# What is needed
When you copy the listing, skip the images and return each line verbatim.
───── Supplied material ─────
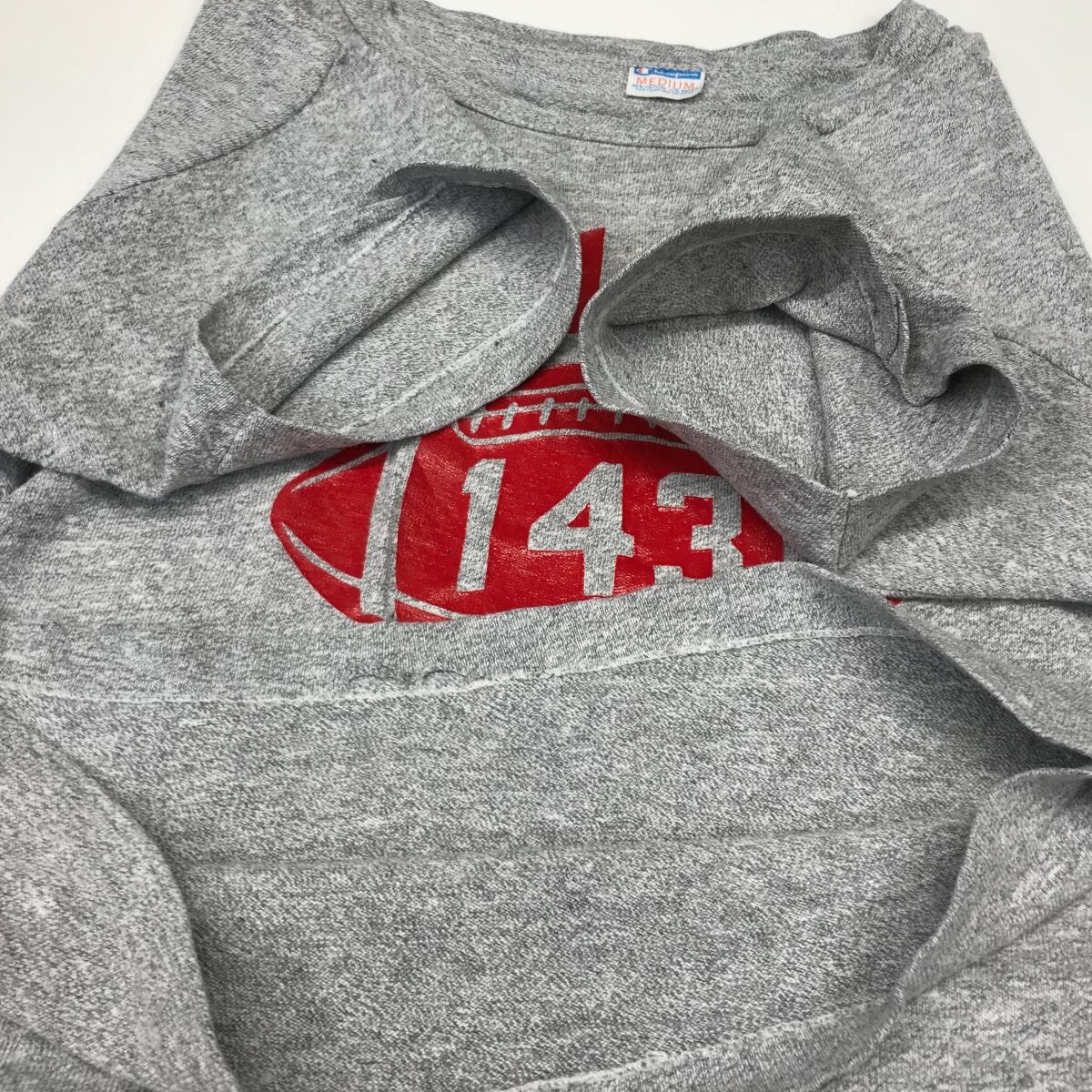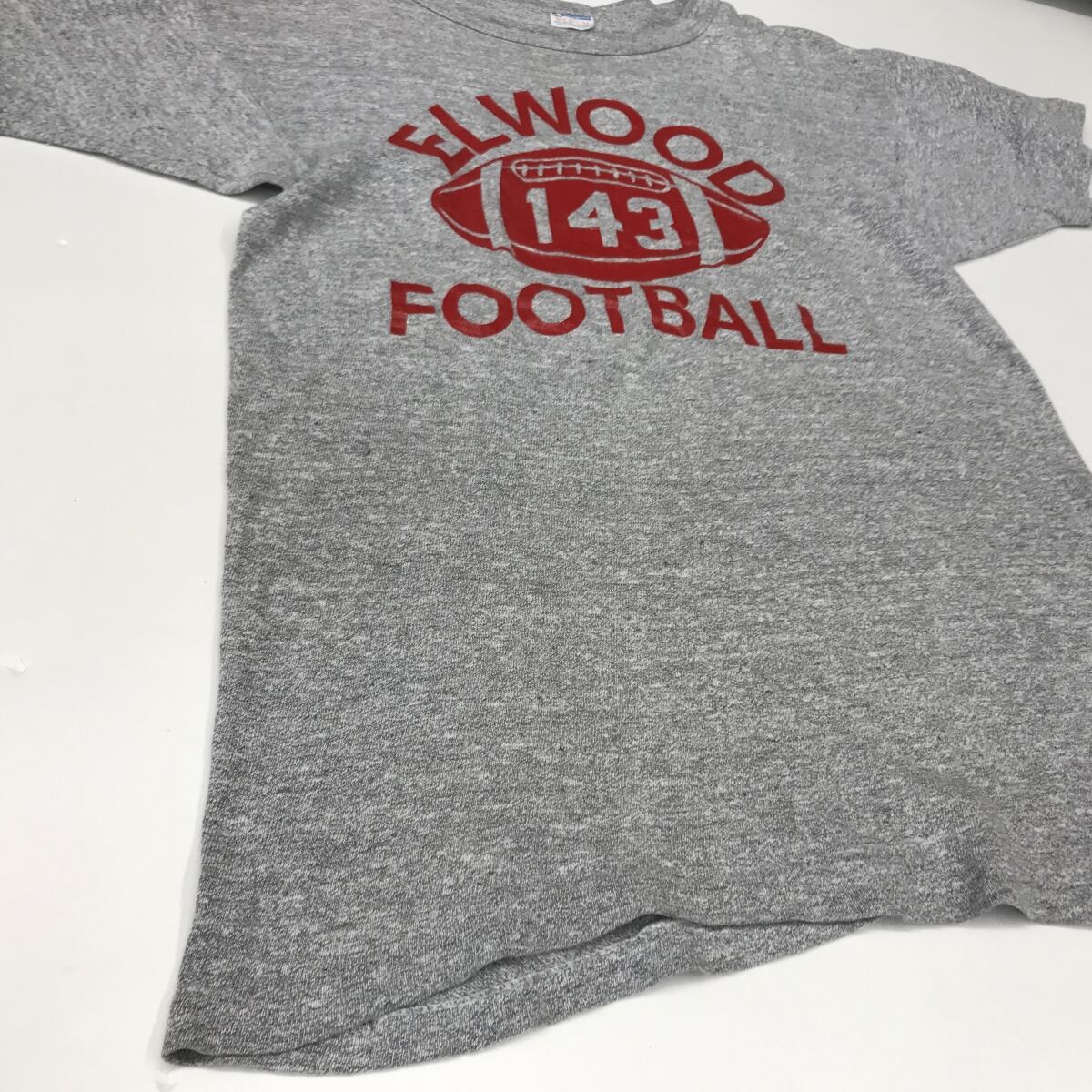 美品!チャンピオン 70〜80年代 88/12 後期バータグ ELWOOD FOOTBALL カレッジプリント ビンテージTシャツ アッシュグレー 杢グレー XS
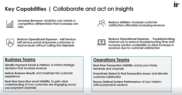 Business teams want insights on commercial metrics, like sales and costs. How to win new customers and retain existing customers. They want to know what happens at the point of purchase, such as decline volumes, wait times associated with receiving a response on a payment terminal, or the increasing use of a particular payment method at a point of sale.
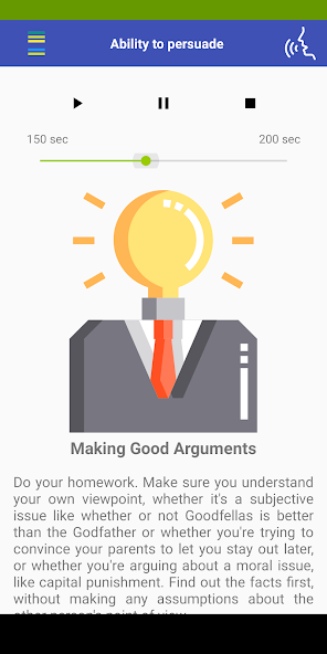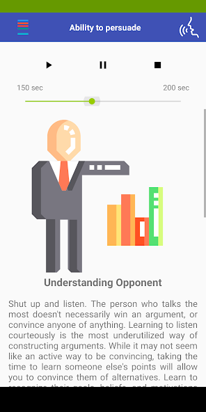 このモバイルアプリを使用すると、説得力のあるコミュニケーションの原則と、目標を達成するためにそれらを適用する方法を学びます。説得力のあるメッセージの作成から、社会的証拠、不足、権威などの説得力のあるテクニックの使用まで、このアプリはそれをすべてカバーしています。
─────
# Solution to the problem
 美品!チャンピオン 70〜80年代 88/12 後期バータグ ELWOOD FOOTBALL カレッジプリント ビンテージTシャツ アッシュグレー 杢グレー XS
 Business teams want insights on commercial metrics, like sales and costs. How to win new customers and retain existing customers. They want to know what happens at the point of purchase, such as decline volumes, wait times associated with receiving a response on a payment terminal, or the increasing use of a particular payment method at a point of sale.
 このモバイルアプリを使用すると、説得力のあるコミュニケーションの原則と、目標を達成するためにそれらを適用する方法を学びます。説得力のあるメッセージの作成から、社会的証拠、不足、権威などの説得力のあるテクニックの使用まで、このアプリはそれをすべてカバーしています。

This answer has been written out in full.